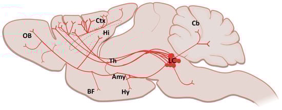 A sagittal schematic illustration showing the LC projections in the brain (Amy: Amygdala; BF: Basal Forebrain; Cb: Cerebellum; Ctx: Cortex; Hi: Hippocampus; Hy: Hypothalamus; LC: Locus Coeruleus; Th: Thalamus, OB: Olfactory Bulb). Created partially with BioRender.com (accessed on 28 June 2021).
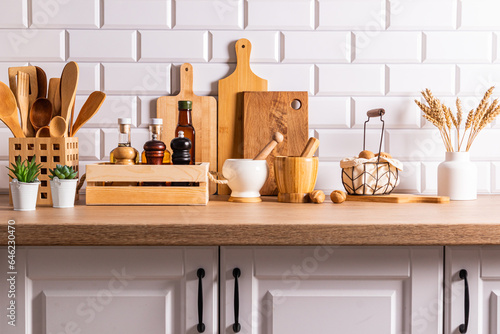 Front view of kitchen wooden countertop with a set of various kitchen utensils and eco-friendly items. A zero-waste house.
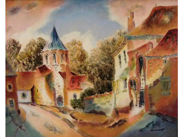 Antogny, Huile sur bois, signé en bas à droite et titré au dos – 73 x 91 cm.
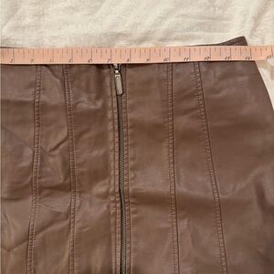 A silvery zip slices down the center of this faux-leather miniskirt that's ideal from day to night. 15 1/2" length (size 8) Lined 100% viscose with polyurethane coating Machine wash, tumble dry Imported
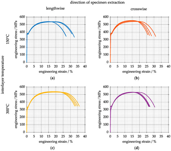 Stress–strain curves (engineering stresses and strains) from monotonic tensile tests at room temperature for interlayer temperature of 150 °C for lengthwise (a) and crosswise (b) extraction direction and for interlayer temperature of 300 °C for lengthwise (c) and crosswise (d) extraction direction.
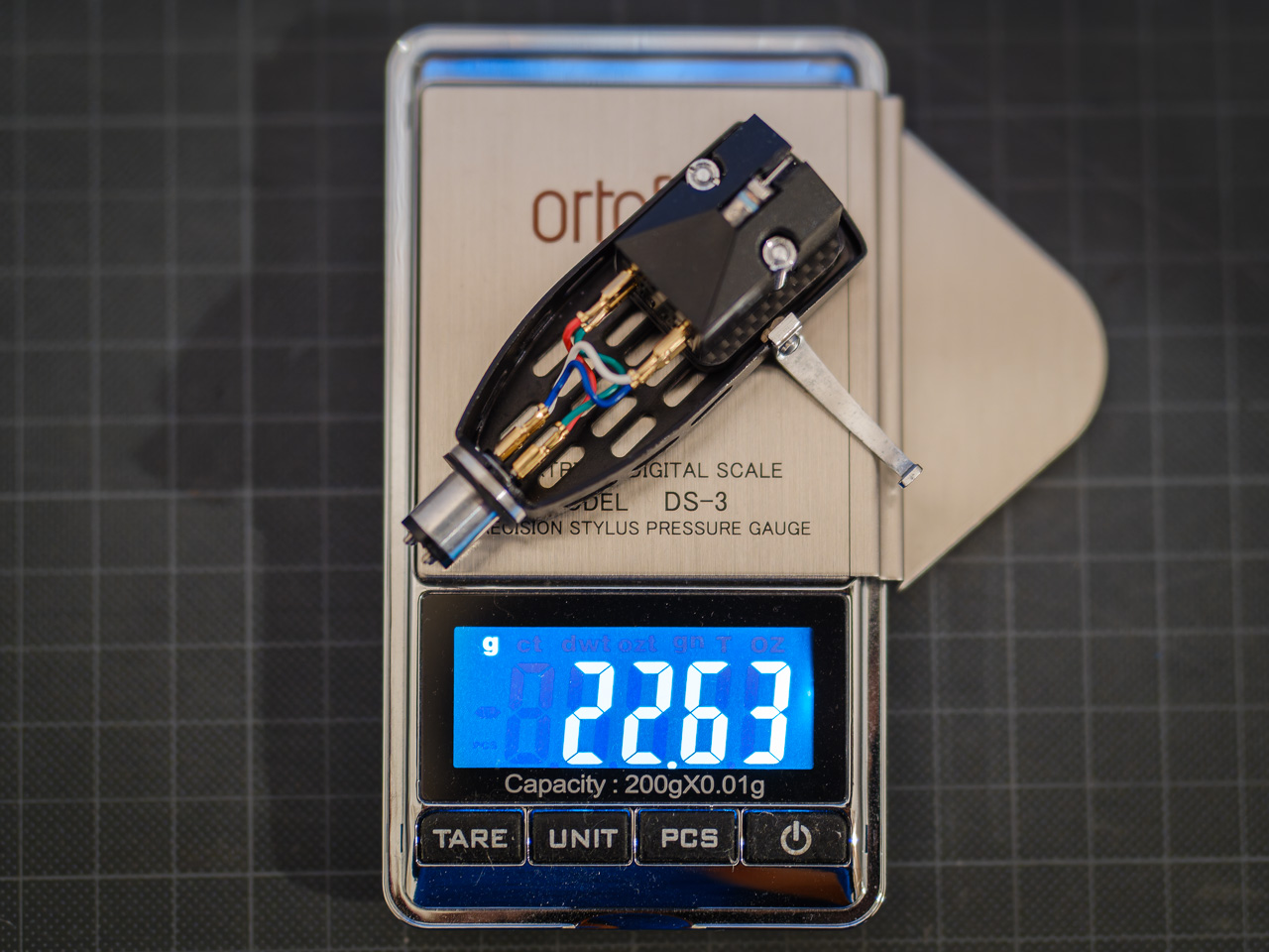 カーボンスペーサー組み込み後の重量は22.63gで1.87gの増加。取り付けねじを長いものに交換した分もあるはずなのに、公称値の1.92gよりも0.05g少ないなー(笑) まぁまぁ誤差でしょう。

-.-.-

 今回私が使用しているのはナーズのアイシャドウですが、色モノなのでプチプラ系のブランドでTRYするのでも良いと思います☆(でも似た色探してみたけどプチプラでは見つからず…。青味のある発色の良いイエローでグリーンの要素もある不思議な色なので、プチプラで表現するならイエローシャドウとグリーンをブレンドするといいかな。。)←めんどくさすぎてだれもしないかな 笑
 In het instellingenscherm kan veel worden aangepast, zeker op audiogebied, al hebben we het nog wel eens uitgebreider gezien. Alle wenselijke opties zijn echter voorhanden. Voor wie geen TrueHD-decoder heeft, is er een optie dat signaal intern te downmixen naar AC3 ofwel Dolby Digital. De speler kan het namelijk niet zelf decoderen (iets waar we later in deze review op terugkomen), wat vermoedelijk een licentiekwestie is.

-.-.-

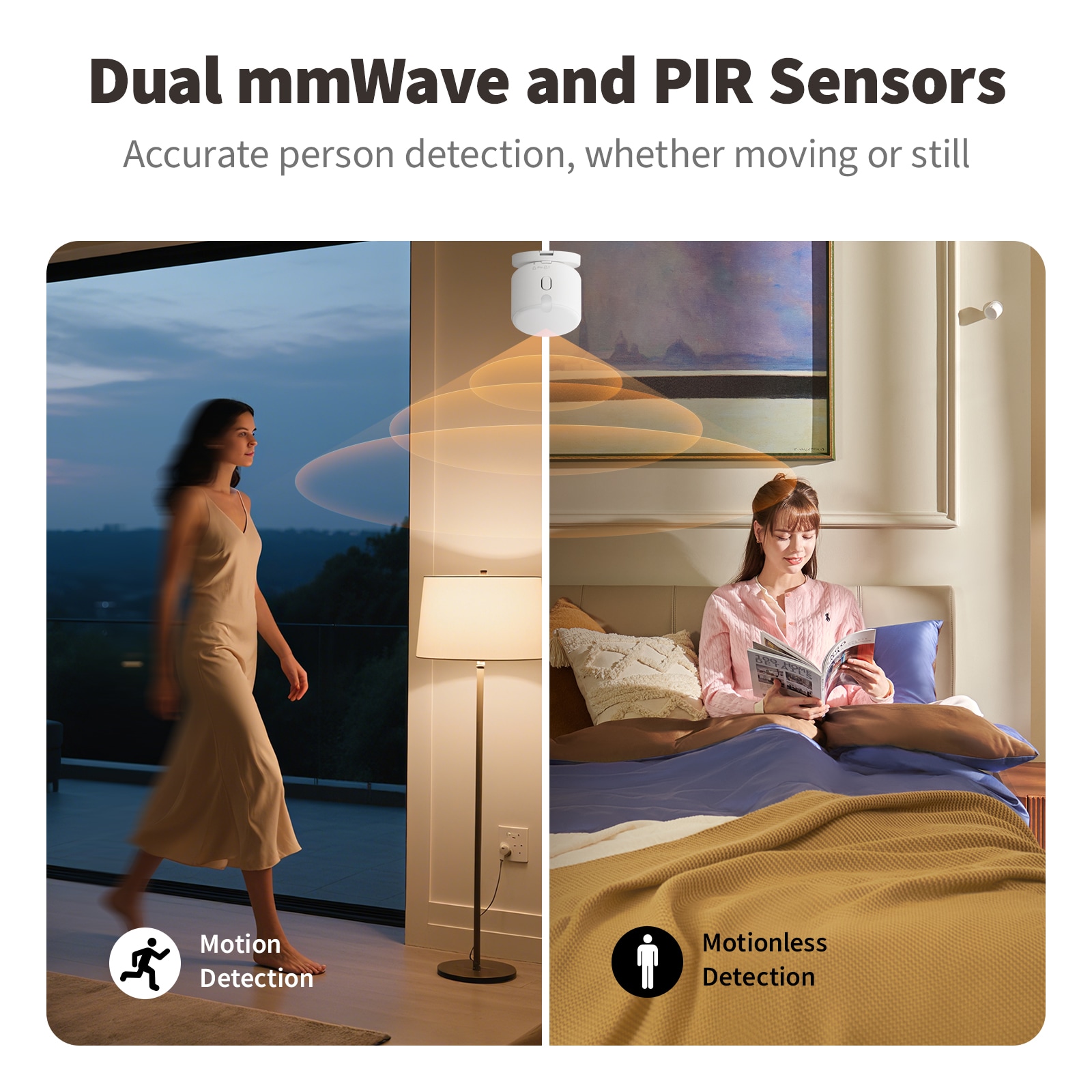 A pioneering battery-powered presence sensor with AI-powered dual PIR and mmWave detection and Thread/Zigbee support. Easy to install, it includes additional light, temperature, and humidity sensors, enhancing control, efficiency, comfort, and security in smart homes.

-.-.-

Exercise objective:
With the pictures left out, write out exactly the lines above from the one containing "Antogny, Huile sur" through the one containing "カーボンスペーサー組み込み後".

Solution to this task:
 Antogny, Huile sur bois, signé en bas à droite et titré au dos – 73 x 91 cm.
 A silvery zip slices down the center of this faux-leather miniskirt that's ideal from day to night. 15 1/2" length (size 8) Lined 100% viscose with polyurethane coating Machine wash, tumble dry Imported
 Stress–strain curves (engineering stresses and strains) from monotonic tensile tests at room temperature for interlayer temperature of 150 °C for lengthwise (a) and crosswise (b) extraction direction and for interlayer temperature of 300 °C for lengthwise (c) and crosswise (d) extraction direction.
 カーボンスペーサー組み込み後の重量は22.63gで1.87gの増加。取り付けねじを長いものに交換した分もあるはずなのに、公称値の1.92gよりも0.05g少ないなー(笑) まぁまぁ誤差でしょう。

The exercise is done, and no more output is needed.